DATA TO EXAMINE >>
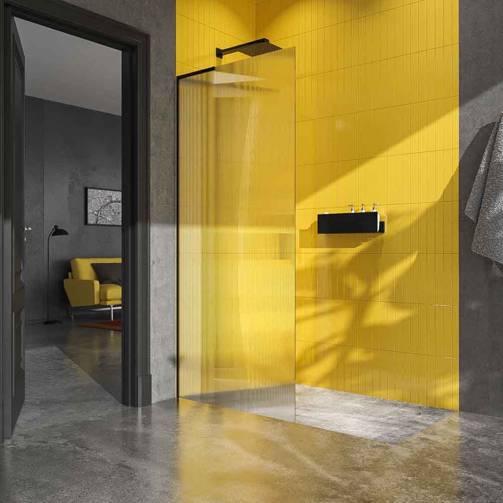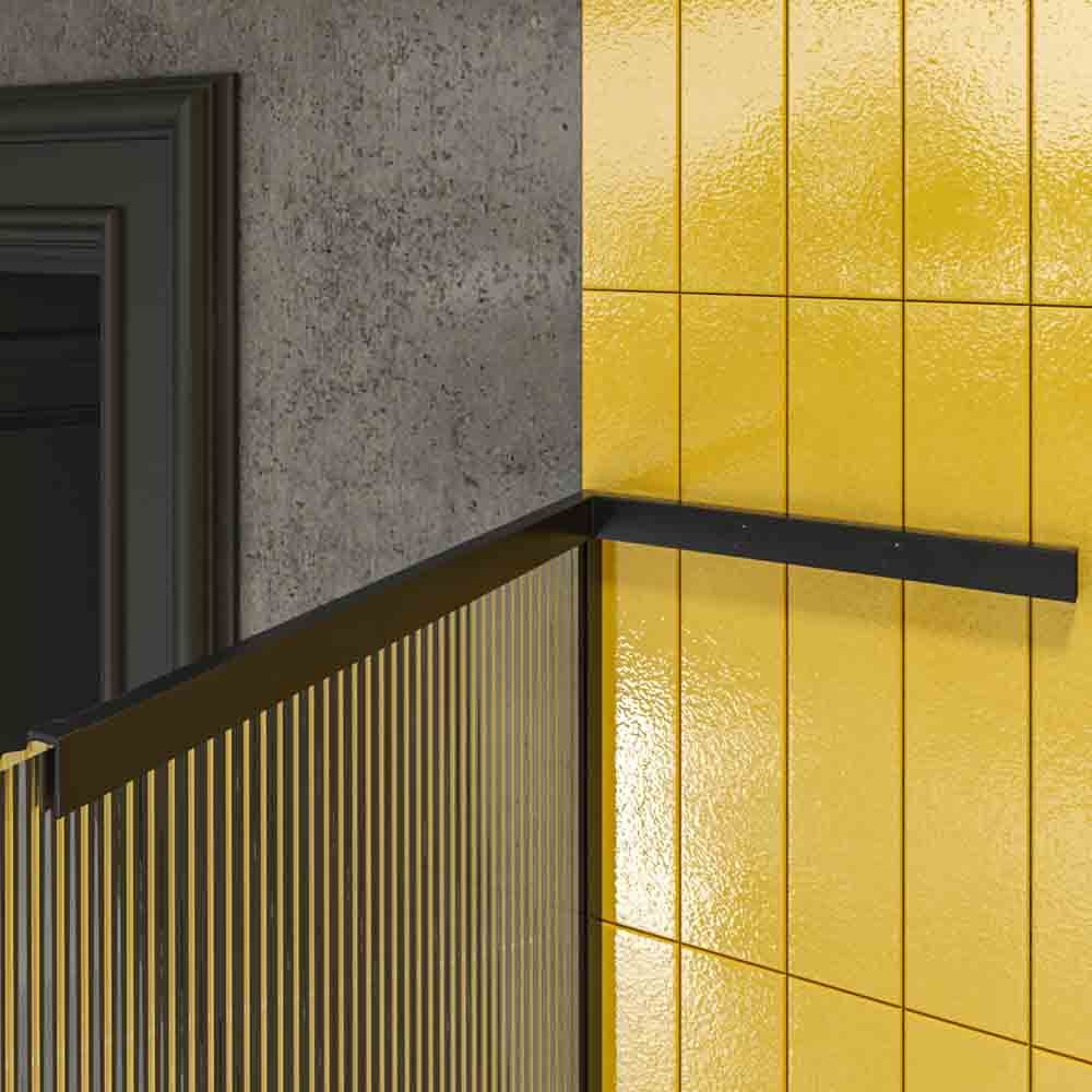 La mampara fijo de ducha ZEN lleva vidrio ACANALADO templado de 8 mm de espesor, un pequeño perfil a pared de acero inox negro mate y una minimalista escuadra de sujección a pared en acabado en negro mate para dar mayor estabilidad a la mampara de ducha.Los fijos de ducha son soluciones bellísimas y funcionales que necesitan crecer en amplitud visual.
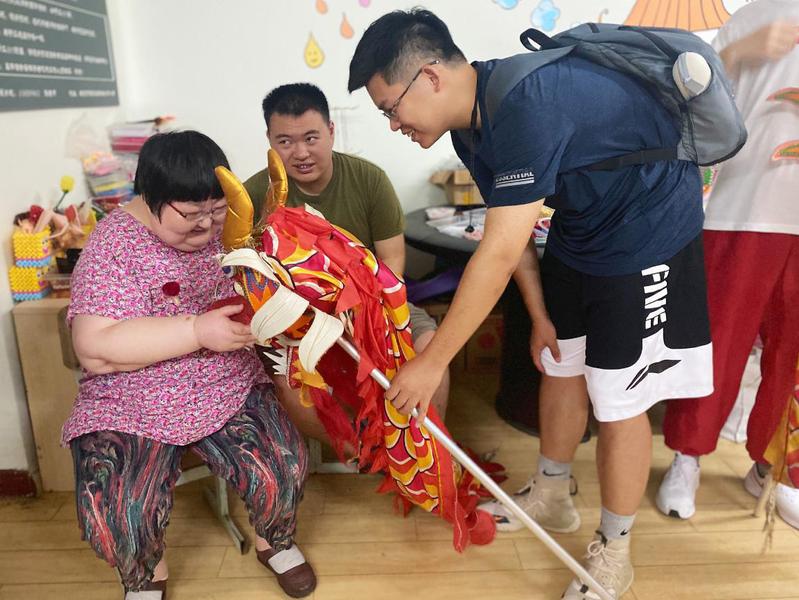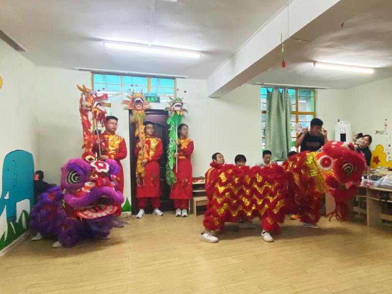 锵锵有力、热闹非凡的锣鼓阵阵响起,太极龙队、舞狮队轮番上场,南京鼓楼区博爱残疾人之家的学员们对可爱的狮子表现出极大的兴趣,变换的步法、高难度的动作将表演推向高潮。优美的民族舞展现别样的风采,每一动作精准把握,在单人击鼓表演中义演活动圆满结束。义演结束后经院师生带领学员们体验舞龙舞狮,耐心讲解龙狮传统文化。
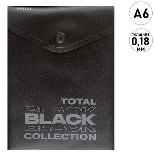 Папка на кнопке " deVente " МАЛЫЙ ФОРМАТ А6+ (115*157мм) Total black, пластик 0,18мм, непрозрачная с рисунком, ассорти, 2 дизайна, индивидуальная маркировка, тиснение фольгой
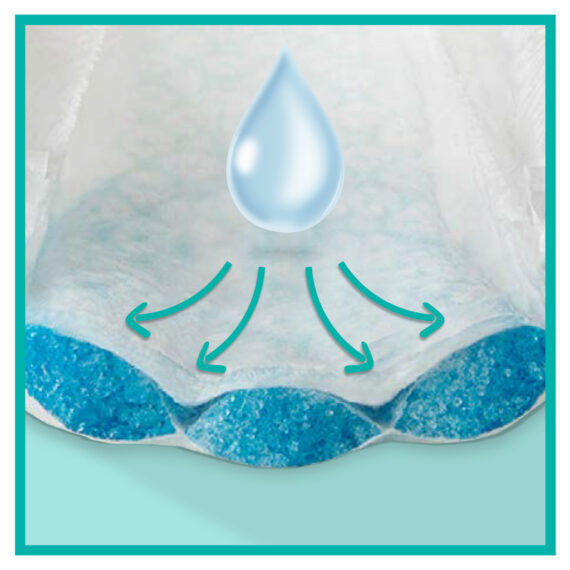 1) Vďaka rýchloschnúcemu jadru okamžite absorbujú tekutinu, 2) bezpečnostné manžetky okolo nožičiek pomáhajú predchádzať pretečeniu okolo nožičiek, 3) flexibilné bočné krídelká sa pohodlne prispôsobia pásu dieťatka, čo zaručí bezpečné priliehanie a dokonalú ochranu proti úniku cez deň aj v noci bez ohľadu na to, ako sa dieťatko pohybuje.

--

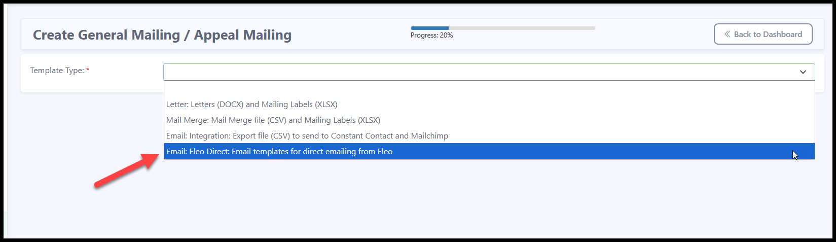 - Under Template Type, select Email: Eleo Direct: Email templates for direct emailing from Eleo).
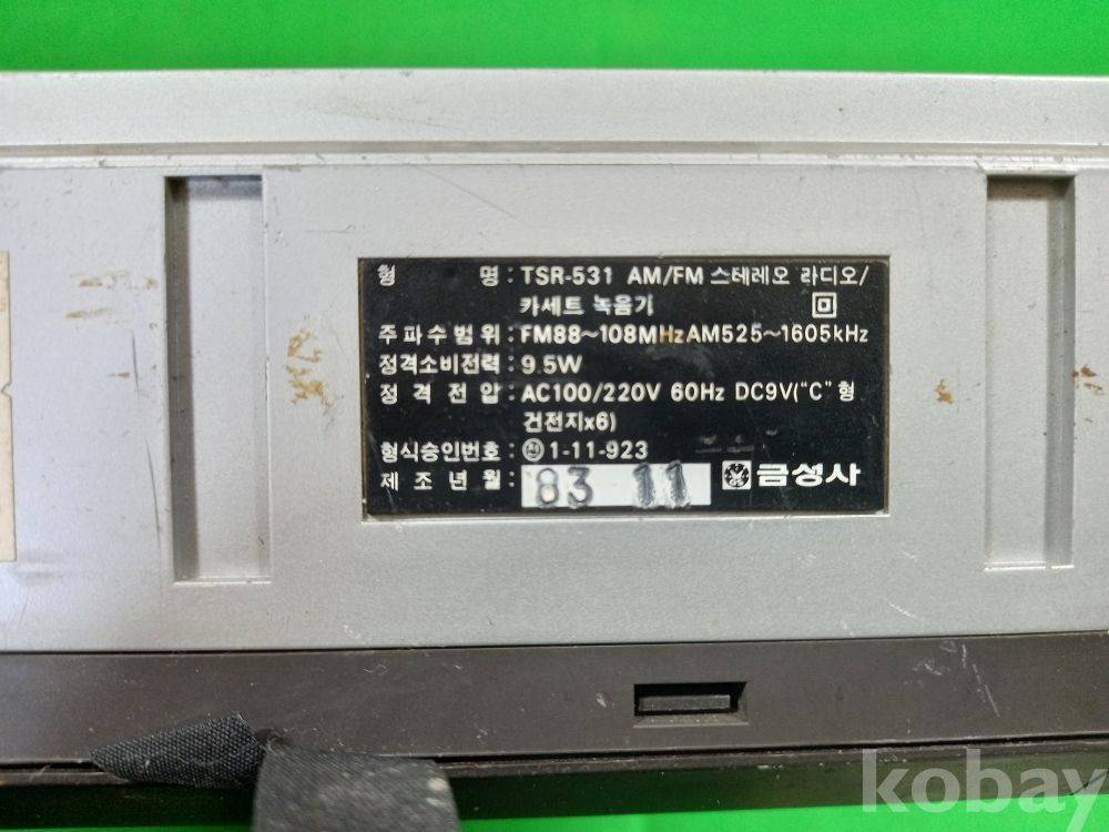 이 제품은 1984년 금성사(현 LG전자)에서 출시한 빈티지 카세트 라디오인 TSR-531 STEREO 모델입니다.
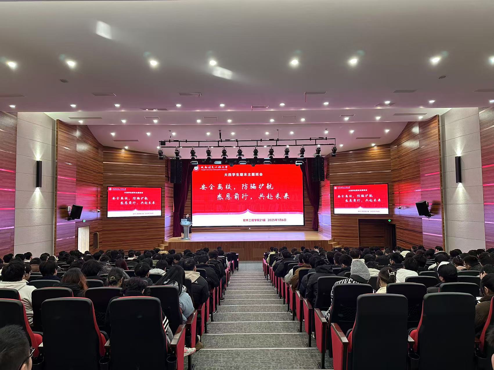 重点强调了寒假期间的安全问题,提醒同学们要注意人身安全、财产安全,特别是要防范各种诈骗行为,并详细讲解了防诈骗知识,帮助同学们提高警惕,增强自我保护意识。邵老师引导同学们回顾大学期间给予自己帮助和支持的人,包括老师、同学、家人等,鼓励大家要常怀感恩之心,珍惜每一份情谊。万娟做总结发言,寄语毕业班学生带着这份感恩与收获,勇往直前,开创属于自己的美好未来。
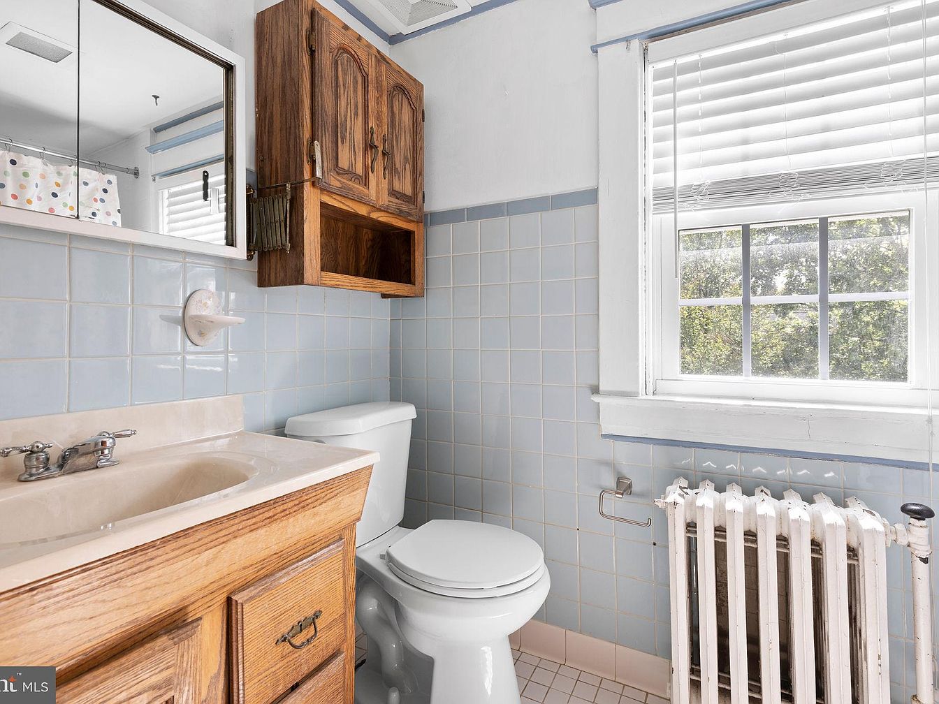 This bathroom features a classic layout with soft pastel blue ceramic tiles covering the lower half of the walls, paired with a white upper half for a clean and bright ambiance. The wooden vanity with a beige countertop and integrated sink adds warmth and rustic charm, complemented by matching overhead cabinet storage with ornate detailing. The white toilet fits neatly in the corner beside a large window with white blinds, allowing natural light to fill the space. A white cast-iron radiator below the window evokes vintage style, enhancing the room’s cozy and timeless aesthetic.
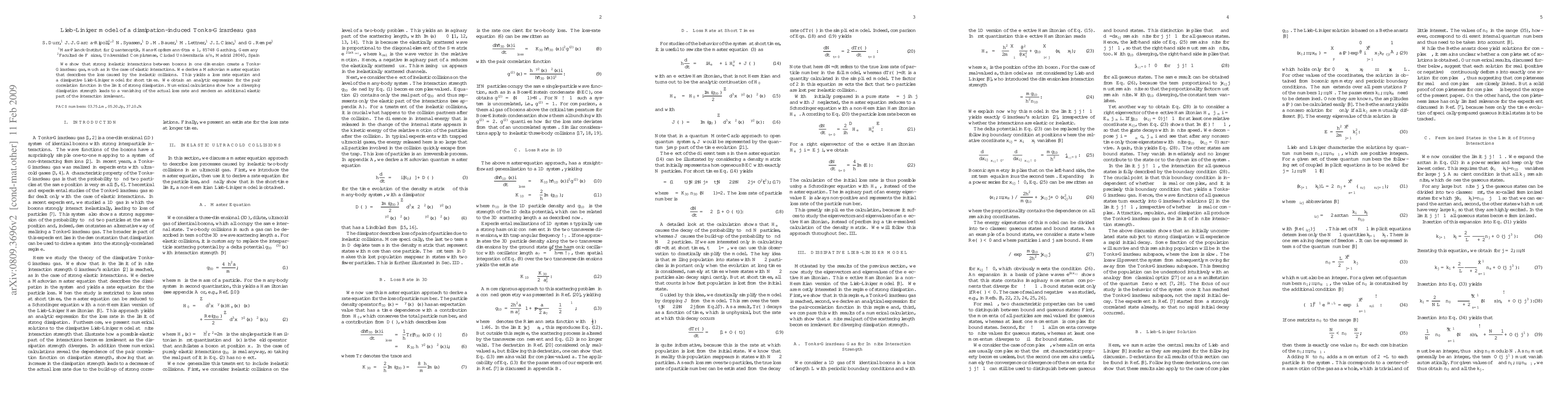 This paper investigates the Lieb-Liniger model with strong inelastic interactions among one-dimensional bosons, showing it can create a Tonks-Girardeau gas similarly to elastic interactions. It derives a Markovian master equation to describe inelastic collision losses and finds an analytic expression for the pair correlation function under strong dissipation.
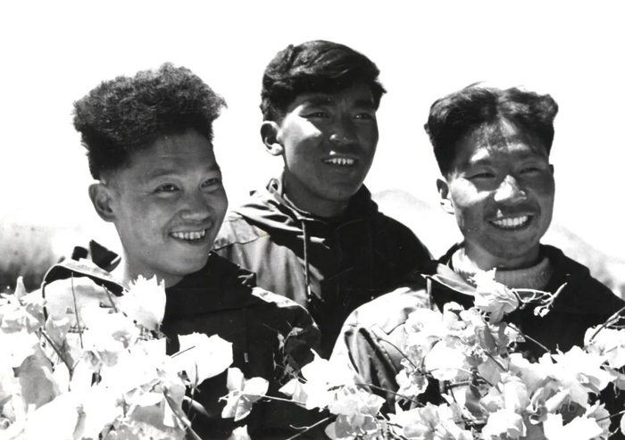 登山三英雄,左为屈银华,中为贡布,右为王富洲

WHAT YOU SHOULD DO >> From the records above, copy exactly the stretch from the line holding "- Under Template" through the line holding "This bathroom features", both ends included, without the pictures.

ANSWER TO THE PROBLEM >>
 - Under Template Type, select Email: Eleo Direct: Email templates for direct emailing from Eleo).
 이 제품은 1984년 금성사(현 LG전자)에서 출시한 빈티지 카세트 라디오인 TSR-531 STEREO 모델입니다.
 重点强调了寒假期间的安全问题,提醒同学们要注意人身安全、财产安全,特别是要防范各种诈骗行为,并详细讲解了防诈骗知识,帮助同学们提高警惕,增强自我保护意识。邵老师引导同学们回顾大学期间给予自己帮助和支持的人,包括老师、同学、家人等,鼓励大家要常怀感恩之心,珍惜每一份情谊。万娟做总结发言,寄语毕业班学生带着这份感恩与收获,勇往直前,开创属于自己的美好未来。
 This bathroom features a classic layout with soft pastel blue ceramic tiles covering the lower half of the walls, paired with a white upper half for a clean and bright ambiance. The wooden vanity with a beige countertop and integrated sink adds warmth and rustic charm, complemented by matching overhead cabinet storage with ornate detailing. The white toilet fits neatly in the corner beside a large window with white blinds, allowing natural light to fill the space. A white cast-iron radiator below the window evokes vintage style, enhancing the room’s cozy and timeless aesthetic.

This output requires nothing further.